**EXERCISE DESCRIPTION:**
Using the listing below, set down each line from the line containing "粗食盐水→依次加入过量 BaCl₂、NaOH、Na₂CO₃溶液→过滤→固体 X、溶液" through the line containing "很好吃!奶酪➕菠菜➕番茄!奶", both ends included, exactly and with nothing added.

**INFORMATION SUPPLIED:**
--------

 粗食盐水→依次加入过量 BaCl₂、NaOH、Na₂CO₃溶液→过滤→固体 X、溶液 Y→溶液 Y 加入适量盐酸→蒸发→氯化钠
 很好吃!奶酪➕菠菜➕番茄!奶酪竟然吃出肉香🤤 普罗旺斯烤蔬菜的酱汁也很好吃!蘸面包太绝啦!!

--------

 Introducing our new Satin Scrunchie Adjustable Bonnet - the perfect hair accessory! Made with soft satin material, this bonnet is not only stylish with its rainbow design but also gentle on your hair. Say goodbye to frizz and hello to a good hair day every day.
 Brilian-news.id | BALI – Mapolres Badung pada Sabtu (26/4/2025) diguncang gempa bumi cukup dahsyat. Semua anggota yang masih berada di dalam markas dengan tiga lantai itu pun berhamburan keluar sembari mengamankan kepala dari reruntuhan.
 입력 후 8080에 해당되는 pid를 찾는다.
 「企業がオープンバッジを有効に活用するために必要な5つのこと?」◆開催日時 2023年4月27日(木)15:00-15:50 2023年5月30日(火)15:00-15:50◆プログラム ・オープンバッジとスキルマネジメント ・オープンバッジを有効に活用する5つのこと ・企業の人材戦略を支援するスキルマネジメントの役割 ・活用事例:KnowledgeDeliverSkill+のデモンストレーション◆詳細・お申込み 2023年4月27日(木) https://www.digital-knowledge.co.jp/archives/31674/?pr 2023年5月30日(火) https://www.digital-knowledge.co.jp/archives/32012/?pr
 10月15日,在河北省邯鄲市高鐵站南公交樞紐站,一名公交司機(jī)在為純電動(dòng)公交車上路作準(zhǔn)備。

--------

**EXPECTED ANSWER:**
 粗食盐水→依次加入过量 BaCl₂、NaOH、Na₂CO₃溶液→过滤→固体 X、溶液 Y→溶液 Y 加入适量盐酸→蒸发→氯化钠
 很好吃!奶酪➕菠菜➕番茄!奶酪竟然吃出肉香🤤 普罗旺斯烤蔬菜的酱汁也很好吃!蘸面包太绝啦!!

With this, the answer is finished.